Excerpted data:
-*-*-

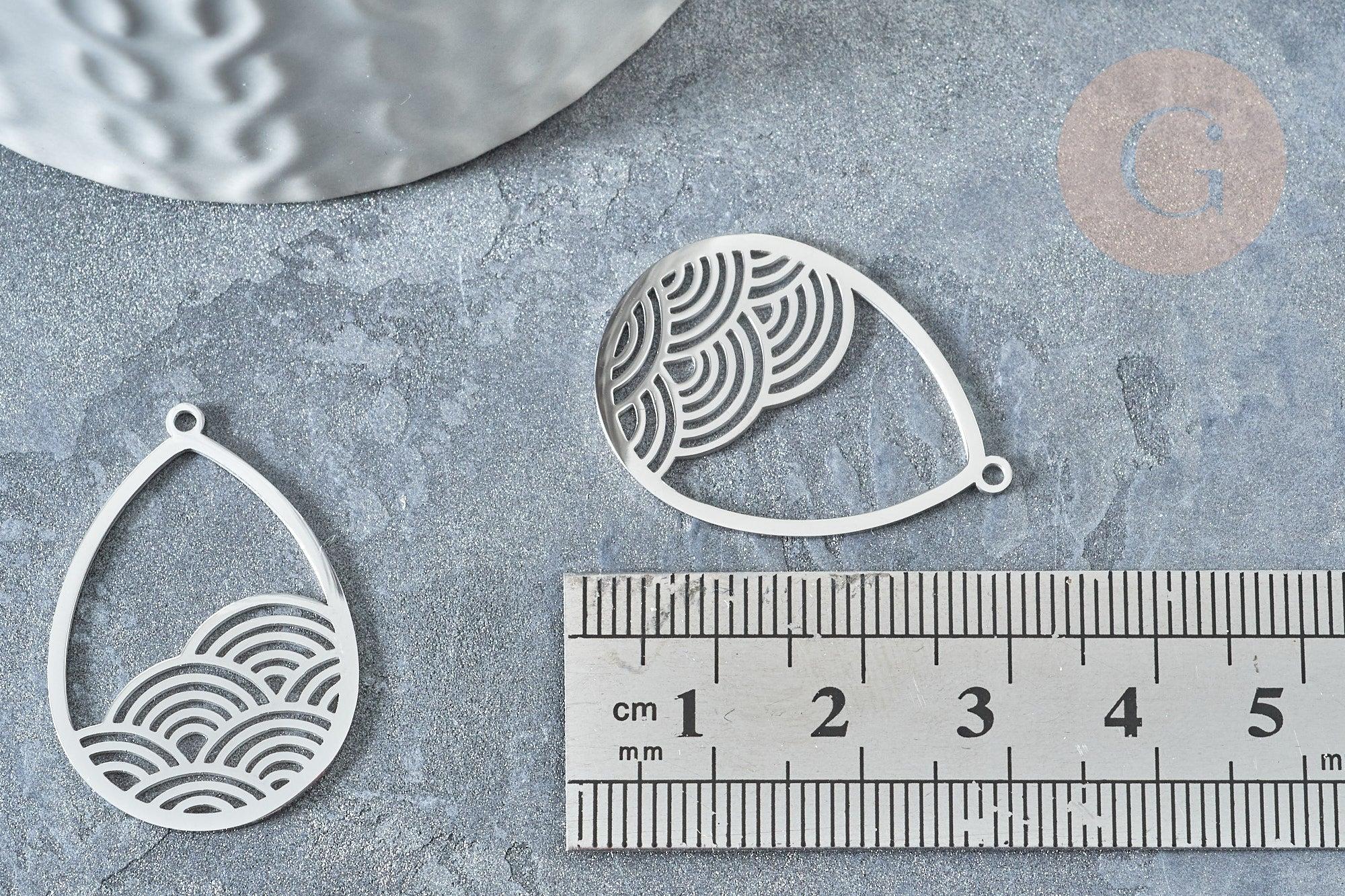 Pendentif acier argenté goutte de pluie 30mm, bijoux acier inoxydable sans nickel, x1 G7612
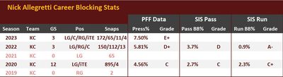 You can see where Over the Cap was coming from. Allegretti got enough playing time to generate reliable blocking stats in three NFL seasons. In 2023, he played 160 pass blocking snaps, in 6 regular season games and three playoffs, predominantly at LG. His Pressure Rate (Press%) allowed in pass protection was better than Washington starter Saahdiq Charles (8.13%), but not enough to elevate him above the low end of NFL starters. Charles was the lowest rated starting guard in pass protection.
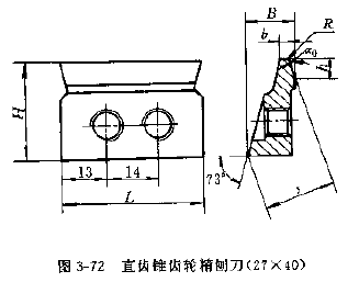表3-145  直齒錐齒輪精刨刀(27×40)基本尺寸
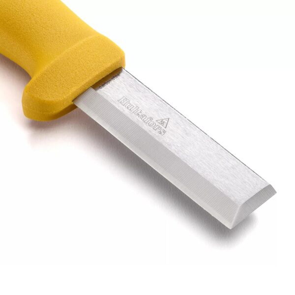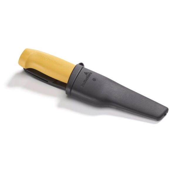 Ножът-длето Hultafors STK Carbon Steel PP е здрав нож с функция за длето с V-образно заточване. Той разполага с уникална функция за закрепване на кобура около копче на работното ви облекло, така че да не се разхлабва, като същевременно е лесен за сваляне. Острието е изработено от японска стомана за ножове, 3 мм въглеродна стомана, закалена до 58-60 HRC. Режещият ръб е заточен с двоен ъгъл и финално шлифоване на кожен каиш. Както дръжката, така и кобурът са изработени от свръхиздръжлива PP пластмаса. Кобурът може да се закрепи както към колан, така и към копче на работното ви облекло. Ако коланът ви е дебел, отрежете малката игла на капака.
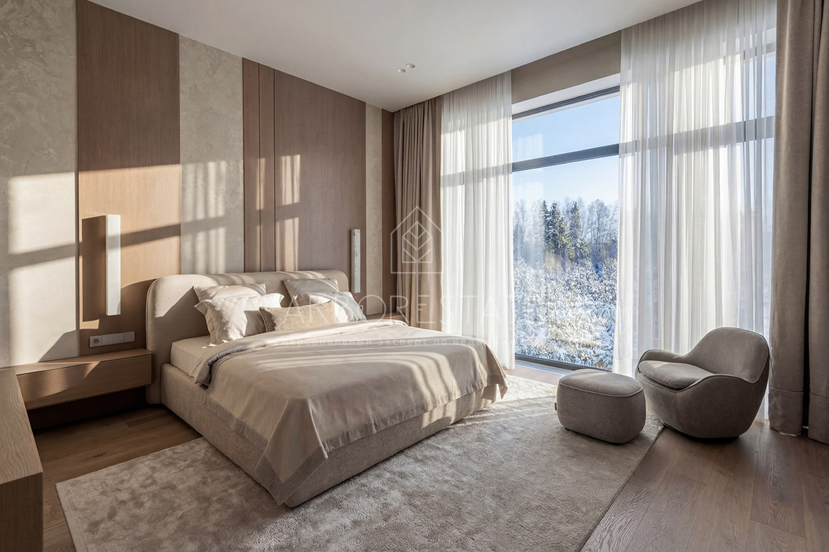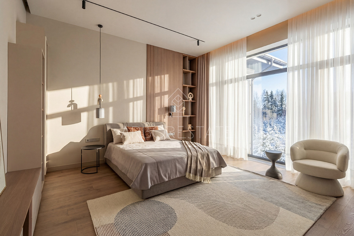 2 этаж: холл, спальня с с/у и гардеробной, спальня с с/у и гардеробной, мастер-спальня с 2 гардеробными и с/у, кабинет.
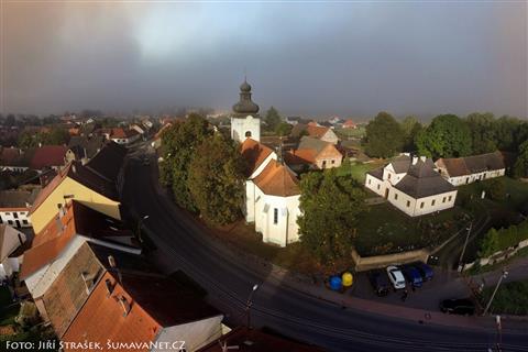 Původní kostel stál již v roce 1384, byl postupně přestavován a zvětšován. Už roku 1602 nemá původní gotickou věž, ale jen zvonici s helmovou střechou. V roce 1744 zcela vyhořel, zůstaly jen pevné zdi, které pro svou sílu byly použity k nové, zaklenuté stavbě. V roce 1746 byl kostel dostavěn a vysvěcen, na den svátku sv. Václava.
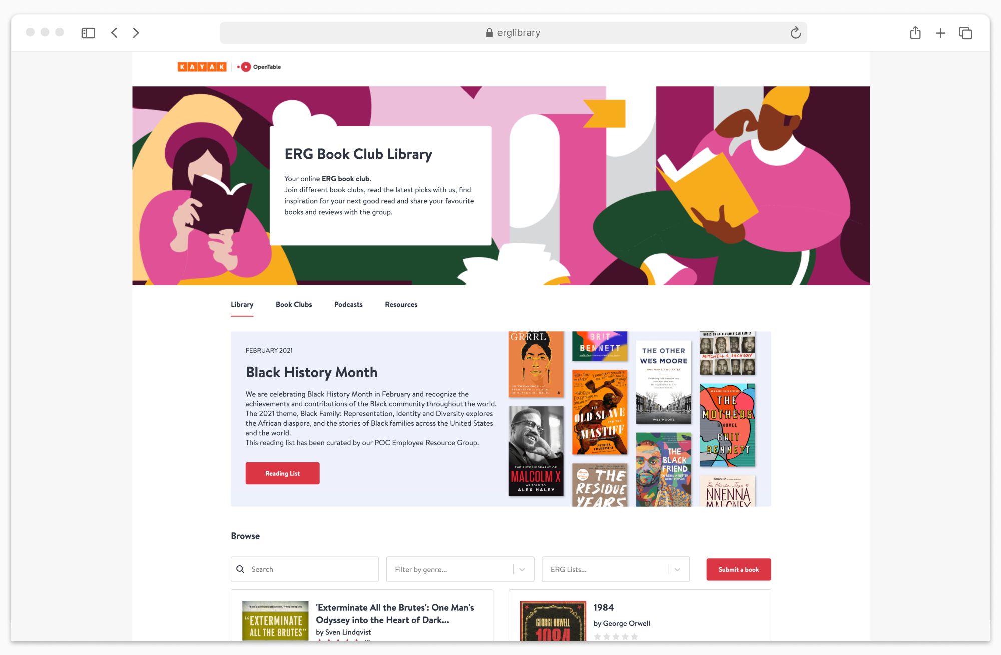 OpenTable and Kayak are sister brands and share their Employer Resources Groups (ERGs), some of which have bookclubs. As an active member of the Women ERG, together with an engineer and the Women ERG leader, we’ve decided to bring those bookclubs online and create a library.

-*-*-

About this exercise: Output nothing but the entries above, exactly, once the pictures are removed.

Solution to this task:
 Pendentif acier argenté goutte de pluie 30mm, bijoux acier inoxydable sans nickel, x1 G7612
 You can see where Over the Cap was coming from. Allegretti got enough playing time to generate reliable blocking stats in three NFL seasons. In 2023, he played 160 pass blocking snaps, in 6 regular season games and three playoffs, predominantly at LG. His Pressure Rate (Press%) allowed in pass protection was better than Washington starter Saahdiq Charles (8.13%), but not enough to elevate him above the low end of NFL starters. Charles was the lowest rated starting guard in pass protection.
表3-145  直齒錐齒輪精刨刀(27×40)基本尺寸
 Ножът-длето Hultafors STK Carbon Steel PP е здрав нож с функция за длето с V-образно заточване. Той разполага с уникална функция за закрепване на кобура около копче на работното ви облекло, така че да не се разхлабва, като същевременно е лесен за сваляне. Острието е изработено от японска стомана за ножове, 3 мм въглеродна стомана, закалена до 58-60 HRC. Режещият ръб е заточен с двоен ъгъл и финално шлифоване на кожен каиш. Както дръжката, така и кобурът са изработени от свръхиздръжлива PP пластмаса. Кобурът може да се закрепи както към колан, така и към копче на работното ви облекло. Ако коланът ви е дебел, отрежете малката игла на капака.
 2 этаж: холл, спальня с с/у и гардеробной, спальня с с/у и гардеробной, мастер-спальня с 2 гардеробными и с/у, кабинет.
 Původní kostel stál již v roce 1384, byl postupně přestavován a zvětšován. Už roku 1602 nemá původní gotickou věž, ale jen zvonici s helmovou střechou. V roce 1744 zcela vyhořel, zůstaly jen pevné zdi, které pro svou sílu byly použity k nové, zaklenuté stavbě. V roce 1746 byl kostel dostavěn a vysvěcen, na den svátku sv. Václava.
 OpenTable and Kayak are sister brands and share their Employer Resources Groups (ERGs), some of which have bookclubs. As an active member of the Women ERG, together with an engineer and the Women ERG leader, we’ve decided to bring those bookclubs online and create a library.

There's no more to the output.